P-values: What They Mean (and Don’t Mean)

The p-value is the most misunderstood statistic in science. Let us be precise:

P-value = the probability of observing a result this extreme (or more extreme) if there is no real effect.

That is it. The p-value answers: “If the null hypothesis were true (no difference, no correlation, no effect), how surprising would my data be?”

What a p-value is NOT:

Common claim	Why it is wrong
“P = 0.03 means 97% chance the effect is real”	P-values do not give the probability that the hypothesis is true
“P < 0.05 means the result is important”	Statistical significance is not biological significance
“P = 0.06 means no effect”	Absence of evidence is not evidence of absence
“Smaller p = bigger effect”	P-values mix effect size and sample size

The 0.05 threshold is a convention, not a law of nature. Ronald Fisher suggested it as a rough guide in the 1920s. A result with p = 0.049 is not fundamentally different from p = 0.051.

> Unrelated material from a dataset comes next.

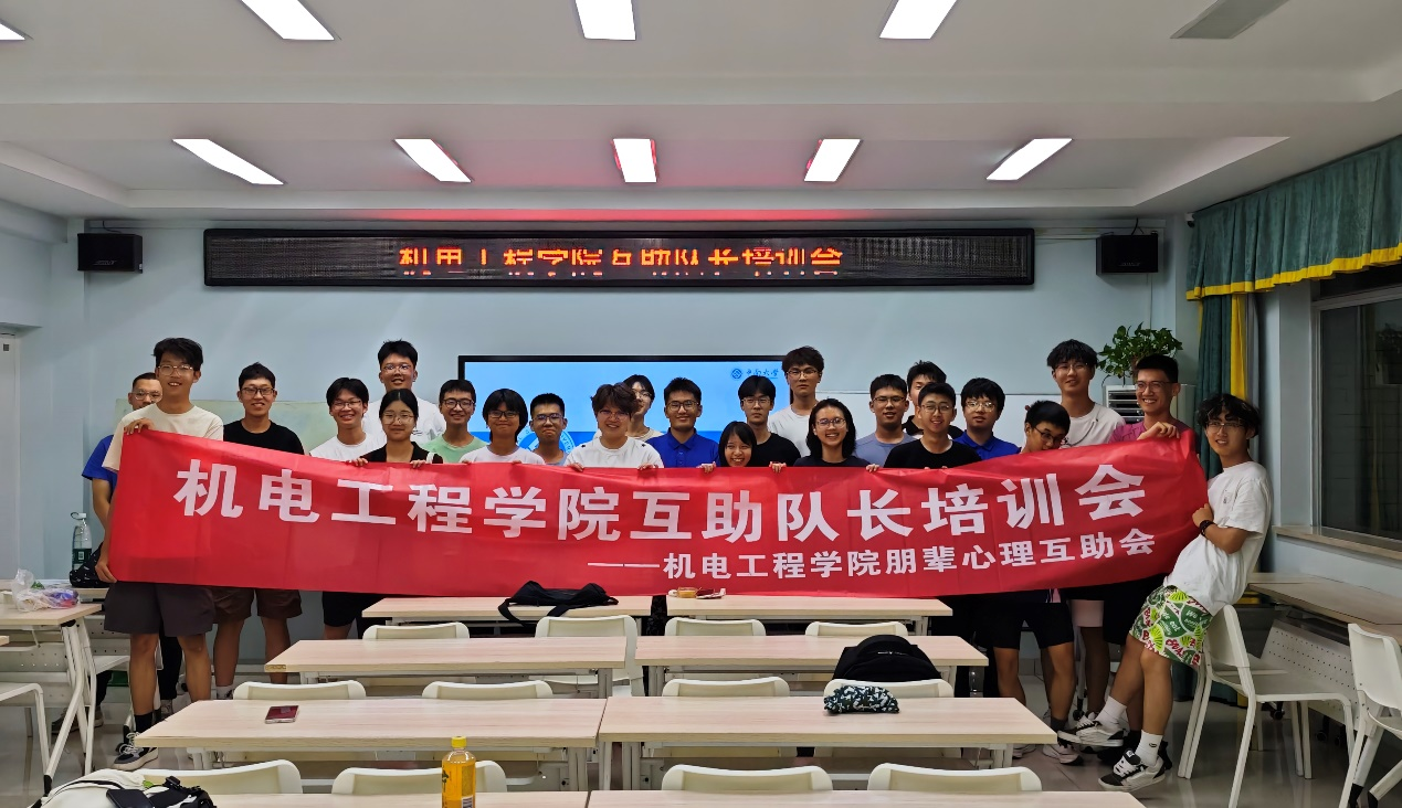 培训结束后,全体参与人员在写有 “机电工程学院互助队长培训会 —— 机电工程学院朋辈心理互助会” 的横幅前合影,定格下这一充实且有意义的时刻。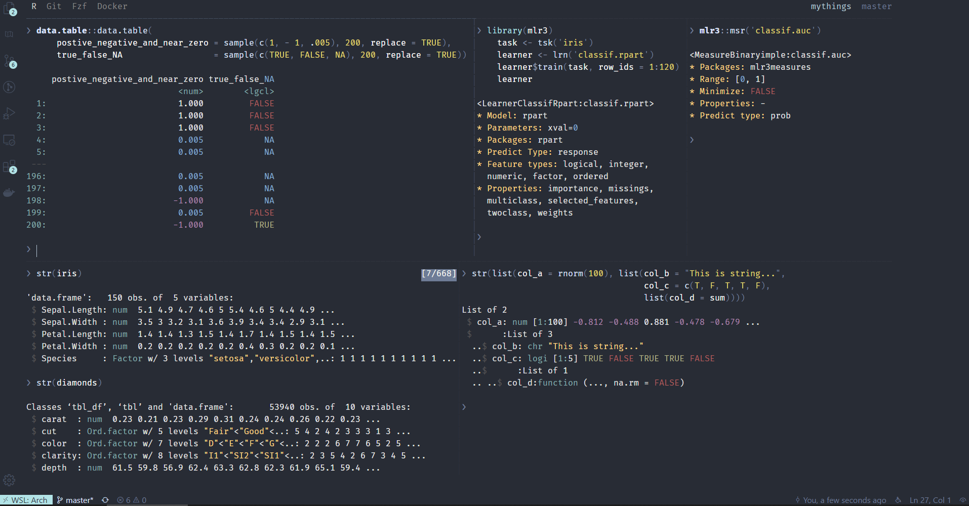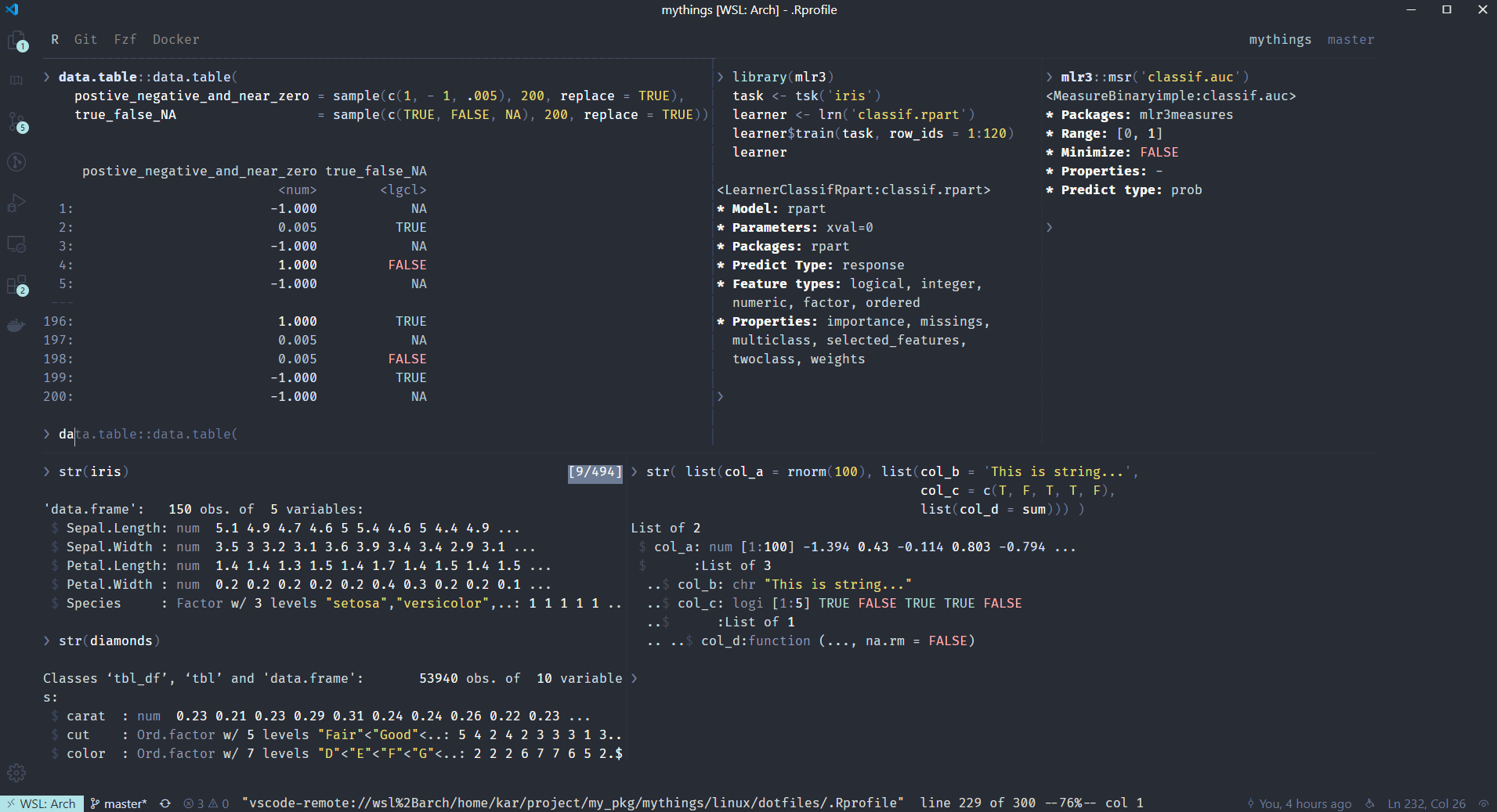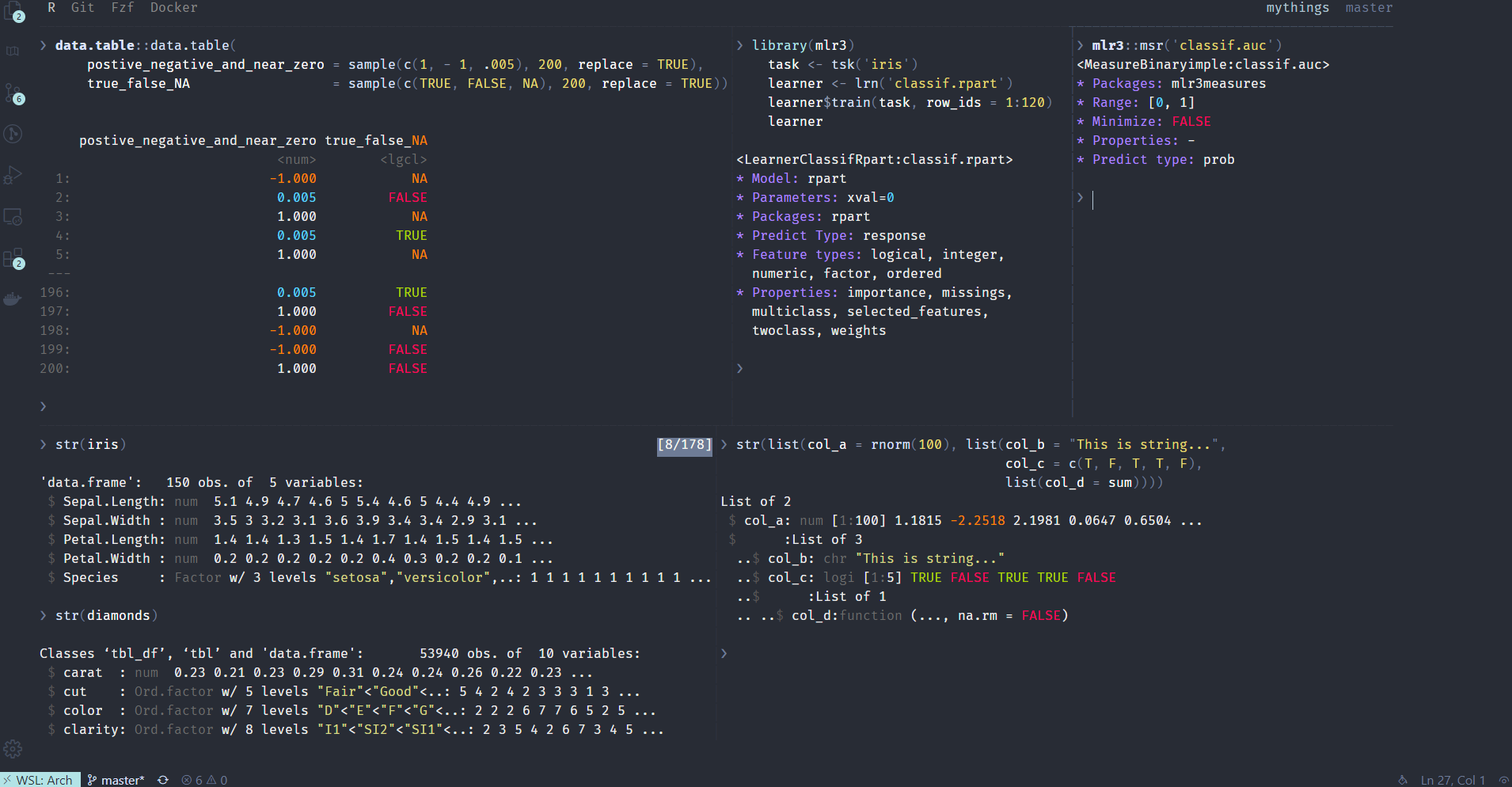 rm(theme, to_ansi)My .Rprofile has slightly different styles than above and it works slightly better with my color codes. For example, I prefer minimalistic styles & colors and, it's meant for differentiating things that are supposed to be differentiated. Feel free to use it.

Always report effect size alongside p-value. A drug that lowers blood pressure by 0.1 mmHg might be “statistically significant” with 100,000 patients (tiny p-value) but biologically meaningless. Conversely, a 30% reduction in tumor size might be biologically important even if p = 0.07 with a small pilot study.

In genomics, you will see p-values as small as 10^-50 or smaller. These extreme values arise because the effects are large and the data are abundant, not because the statistics are fundamentally different.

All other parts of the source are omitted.